### PROVIDED MATERIAL
===============

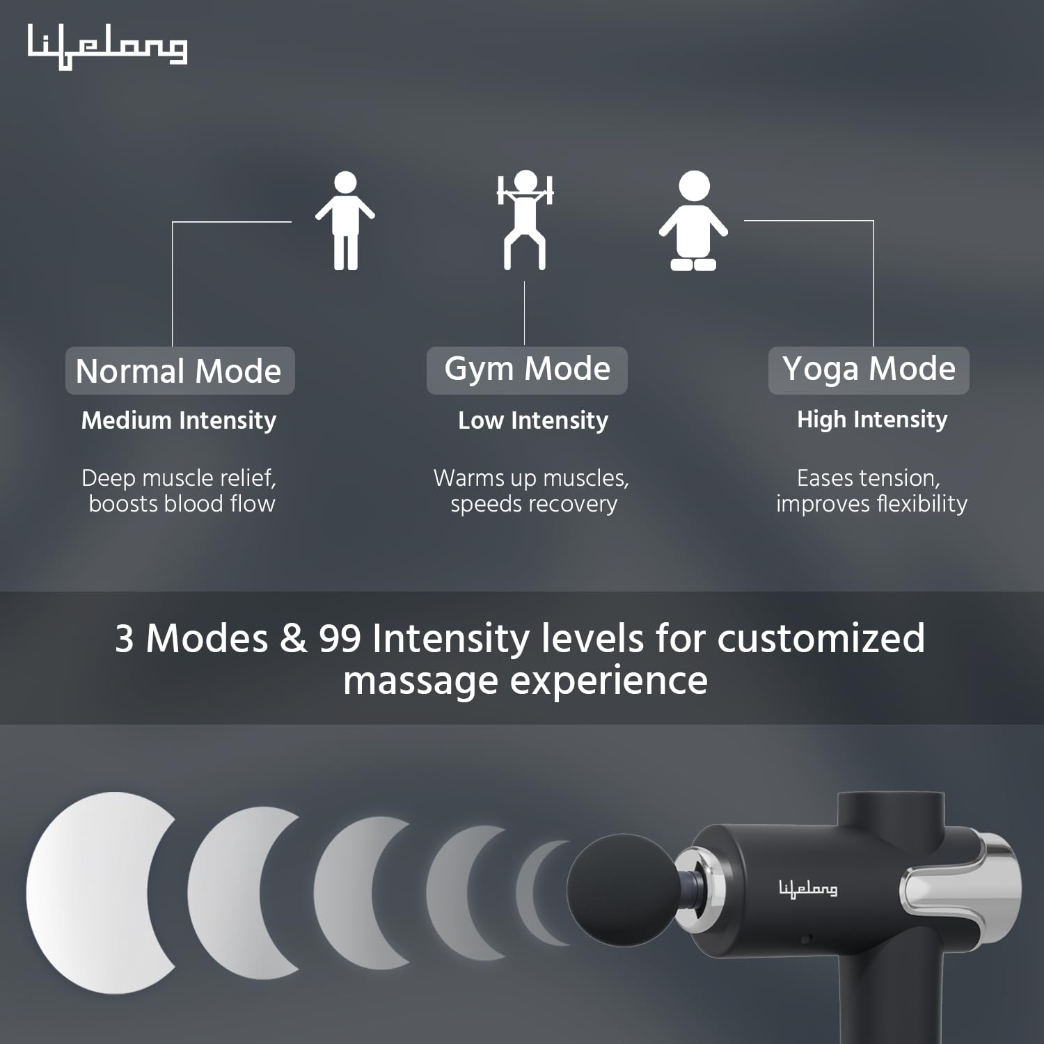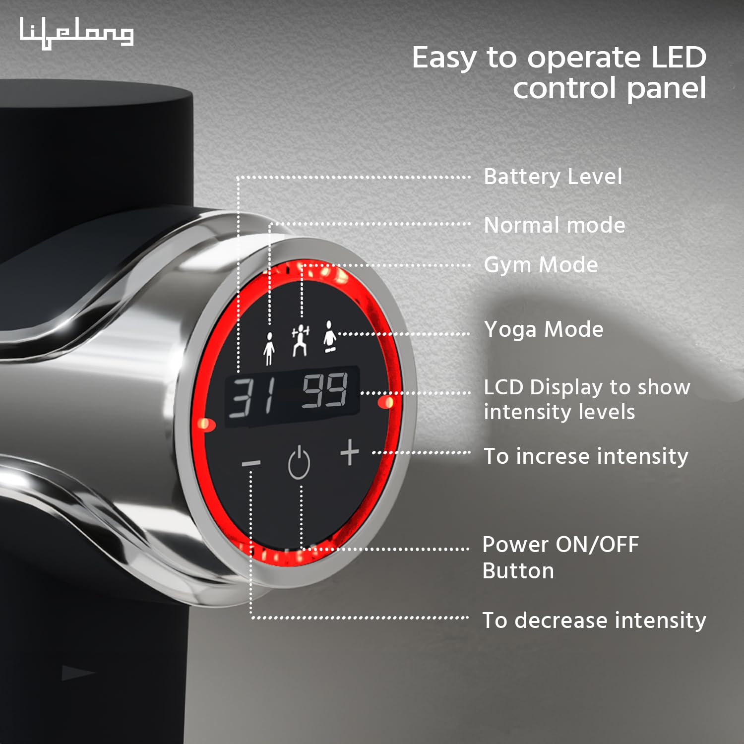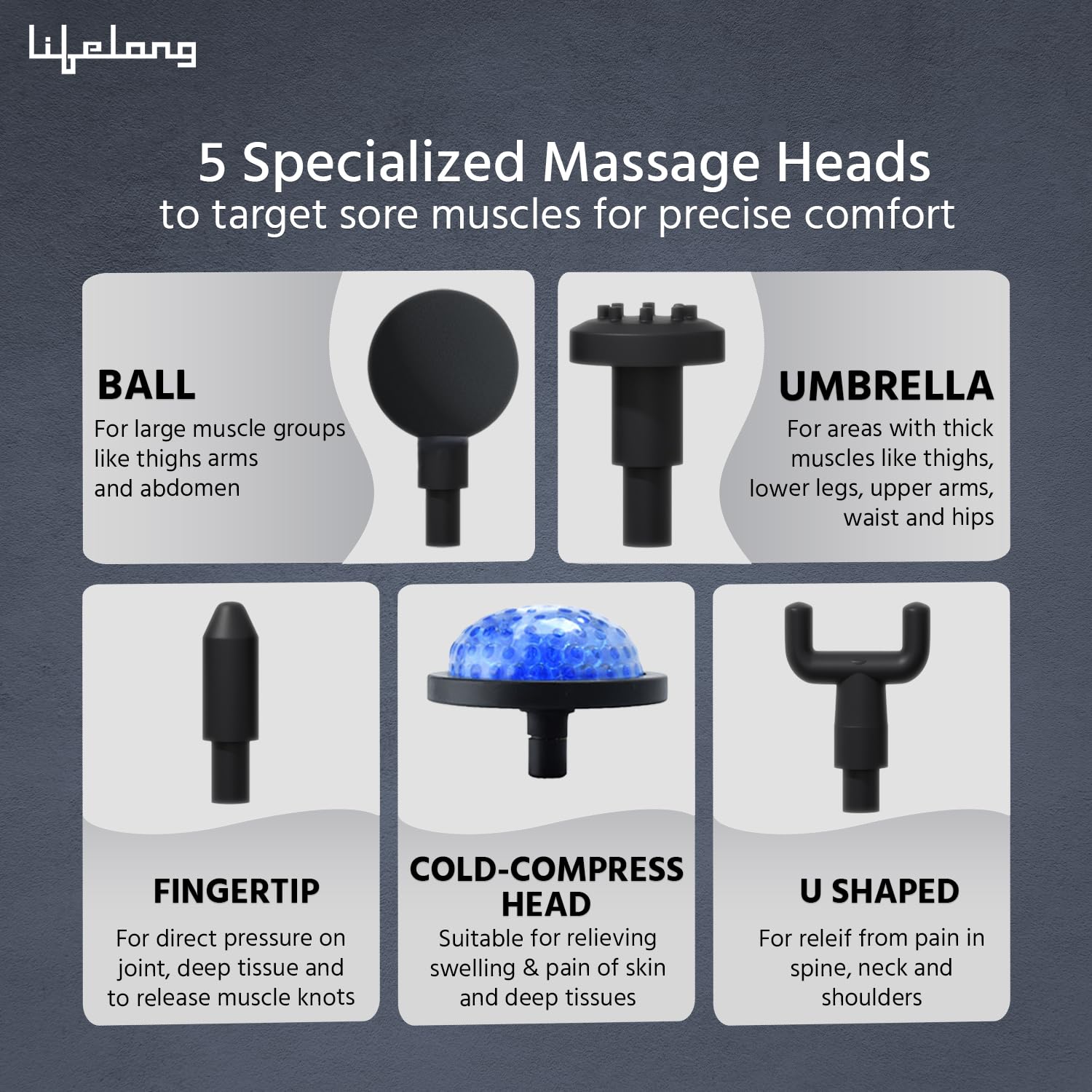 Presenting our strong and adaptable Lifelong Handheld Body Gun Massager with great way to relieve specific muscle pain. With its replaceable massage heads and adjustable intensity settings, this portable massager can be customized to meet your unique needs.
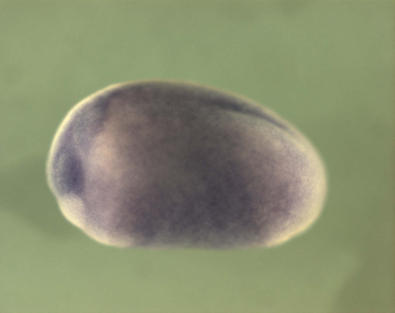 tcf4 (transcription factor 4 ) gene expression in Xenopus laevis embryo via in situ hybridization, NF stage 20, lateral view, anterior left, dorsal up. Image copyrighted by: Naoto Uneno, XDB3
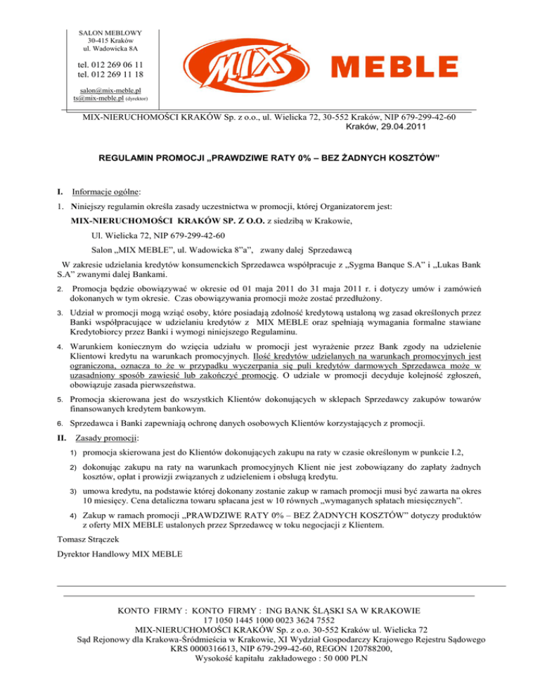 SALON MEBLOWY 30-415 Kraków ul. Wadowicka 8A tel. 012 269 06 11 tel. 012 269 11 18 [email protected] [email protected] (dyrektor) MIX-NIERUCHOMOŚCI KRAKÓW Sp. z o.o., ul. Wielicka 72, 30-552 Kraków, NIP 679-299-42-60 Kraków, 29.04.2011 REGULAMIN PROMOCJI „PRAWDZIWE RATY 0% – BEZ ŻADNYCH KOSZTÓW” I. Informacje ogólne: 1. Niniejszy regulamin określa zasady uczestnictwa w promocji, której Organizatorem jest: MIX-NIERUCHOMOŚCI KRAKÓW SP. Z O.O. z siedzibą w Krakowie, Ul. Wielicka 72, NIP 679-299-42-60 Salon „MIX MEBLE”, ul. Wadowicka 8”a”, zwany dalej Sprzedawcą W zakresie udzielania kredytów konsumenckich Sprzedawca współpracuje z „Sygma Banque S.A” i „Lukas Bank S.A” zwanymi dalej Bankami. 2. Promocja będzie obowiązywać w okresie od 01 maja 2011 do 31 maja 2011 r. i dotyczy umów i zamówień dokonanych w tym okresie. Czas obowiązywania promocji może zostać przedłużony. 3. Udział w promocji mogą wziąć osoby, które posiadają zdolność kredytową ustaloną wg zasad określonych przez Banki współpracujące w udzielaniu kredytów z MIX MEBLE oraz spełniają wymagania formalne stawiane Kredytobiorcy przez Banki i wymogi niniejszego Regulaminu. 4. Warunkiem koniecznym do wzięcia udziału w promocji jest wyrażenie przez Bank zgody na udzielenie Klientowi kredytu na warunkach promocyjnych. Ilość kredytów udzielanych na warunkach promocyjnych jest ograniczona, oznacza to że w przypadku wyczerpania się puli kredytów darmowych Sprzedawca może w uzasadniony sposób zawiesić lub zakończyć promocję. O udziale w promocji decyduje kolejność zgłoszeń, obowiązuje zasada pierwszeństwa. 5. Promocja skierowana jest do wszystkich Klientów dokonujących w sklepach Sprzedawcy zakupów towarów finansowanych kredytem bankowym. 6. Sprzedawca i Banki zapewniają ochronę danych osobowych Klientów korzystających z promocji. II. Zasady promocji: 1) promocja skierowana jest do Klientów dokonujących zakupu na raty w czasie określonym w punkcie I.2, 2) dokonując zakupu na raty na warunkach promocyjnych Klient nie jest zobowiązany do zapłaty żadnych kosztów, opłat i prowizji związanych z udzieleniem i obsługą kredytu. 3) umowa kredytu, na podstawie której dokonany zostanie zakup w ramach promocji musi być zawarta na okres 10 miesięcy. Cena detaliczna towaru spłacana jest w 10 równych „wymaganych spłatach miesięcznych”. 4) Zakup w ramach promocji „PRAWDZIWE RATY 0% – BEZ ŻADNYCH KOSZTÓW” dotyczy produktów z oferty MIX MEBLE ustalonych przez Sprzedawcę w toku negocjacji z Klientem. Tomasz Strączek Dyrektor Handlowy MIX MEBLE KONTO FIRMY : KONTO FIRMY : ING BANK ŚLĄSKI SA W KRAKOWIE 17 1050 1445 1000 0023 3624 7552 MIX-NIERUCHOMOŚCI KRAKÓW Sp. z o.o. 30-552 Kraków ul. Wielicka 72 Sąd Rejonowy dla Krakowa-Śródmieścia w Krakowie, XI Wydział Gospodarczy Krajowego Rejestru Sądowego KRS 0000316613, NIP 679-299-42-60, REGON 120788200, Wysokość kapitału zakładowego : 50 000 PLN

===============

When you retype the listing, keep every line exactly as it is and drop the pictures.

### RESULT
 Presenting our strong and adaptable Lifelong Handheld Body Gun Massager with great way to relieve specific muscle pain. With its replaceable massage heads and adjustable intensity settings, this portable massager can be customized to meet your unique needs.
 tcf4 (transcription factor 4 ) gene expression in Xenopus laevis embryo via in situ hybridization, NF stage 20, lateral view, anterior left, dorsal up. Image copyrighted by: Naoto Uneno, XDB3
 SALON MEBLOWY 30-415 Kraków ul. Wadowicka 8A tel. 012 269 06 11 tel. 012 269 11 18 [email protected] [email protected] (dyrektor) MIX-NIERUCHOMOŚCI KRAKÓW Sp. z o.o., ul. Wielicka 72, 30-552 Kraków, NIP 679-299-42-60 Kraków, 29.04.2011 REGULAMIN PROMOCJI „PRAWDZIWE RATY 0% – BEZ ŻADNYCH KOSZTÓW” I. Informacje ogólne: 1. Niniejszy regulamin określa zasady uczestnictwa w promocji, której Organizatorem jest: MIX-NIERUCHOMOŚCI KRAKÓW SP. Z O.O. z siedzibą w Krakowie, Ul. Wielicka 72, NIP 679-299-42-60 Salon „MIX MEBLE”, ul. Wadowicka 8”a”, zwany dalej Sprzedawcą W zakresie udzielania kredytów konsumenckich Sprzedawca współpracuje z „Sygma Banque S.A” i „Lukas Bank S.A” zwanymi dalej Bankami. 2. Promocja będzie obowiązywać w okresie od 01 maja 2011 do 31 maja 2011 r. i dotyczy umów i zamówień dokonanych w tym okresie. Czas obowiązywania promocji może zostać przedłużony. 3. Udział w promocji mogą wziąć osoby, które posiadają zdolność kredytową ustaloną wg zasad określonych przez Banki współpracujące w udzielaniu kredytów z MIX MEBLE oraz spełniają wymagania formalne stawiane Kredytobiorcy przez Banki i wymogi niniejszego Regulaminu. 4. Warunkiem koniecznym do wzięcia udziału w promocji jest wyrażenie przez Bank zgody na udzielenie Klientowi kredytu na warunkach promocyjnych. Ilość kredytów udzielanych na warunkach promocyjnych jest ograniczona, oznacza to że w przypadku wyczerpania się puli kredytów darmowych Sprzedawca może w uzasadniony sposób zawiesić lub zakończyć promocję. O udziale w promocji decyduje kolejność zgłoszeń, obowiązuje zasada pierwszeństwa. 5. Promocja skierowana jest do wszystkich Klientów dokonujących w sklepach Sprzedawcy zakupów towarów finansowanych kredytem bankowym. 6. Sprzedawca i Banki zapewniają ochronę danych osobowych Klientów korzystających z promocji. II. Zasady promocji: 1) promocja skierowana jest do Klientów dokonujących zakupu na raty w czasie określonym w punkcie I.2, 2) dokonując zakupu na raty na warunkach promocyjnych Klient nie jest zobowiązany do zapłaty żadnych kosztów, opłat i prowizji związanych z udzieleniem i obsługą kredytu. 3) umowa kredytu, na podstawie której dokonany zostanie zakup w ramach promocji musi być zawarta na okres 10 miesięcy. Cena detaliczna towaru spłacana jest w 10 równych „wymaganych spłatach miesięcznych”. 4) Zakup w ramach promocji „PRAWDZIWE RATY 0% – BEZ ŻADNYCH KOSZTÓW” dotyczy produktów z oferty MIX MEBLE ustalonych przez Sprzedawcę w toku negocjacji z Klientem. Tomasz Strączek Dyrektor Handlowy MIX MEBLE KONTO FIRMY : KONTO FIRMY : ING BANK ŚLĄSKI SA W KRAKOWIE 17 1050 1445 1000 0023 3624 7552 MIX-NIERUCHOMOŚCI KRAKÓW Sp. z o.o. 30-552 Kraków ul. Wielicka 72 Sąd Rejonowy dla Krakowa-Śródmieścia w Krakowie, XI Wydział Gospodarczy Krajowego Rejestru Sądowego KRS 0000316613, NIP 679-299-42-60, REGON 120788200, Wysokość kapitału zakładowego : 50 000 PLN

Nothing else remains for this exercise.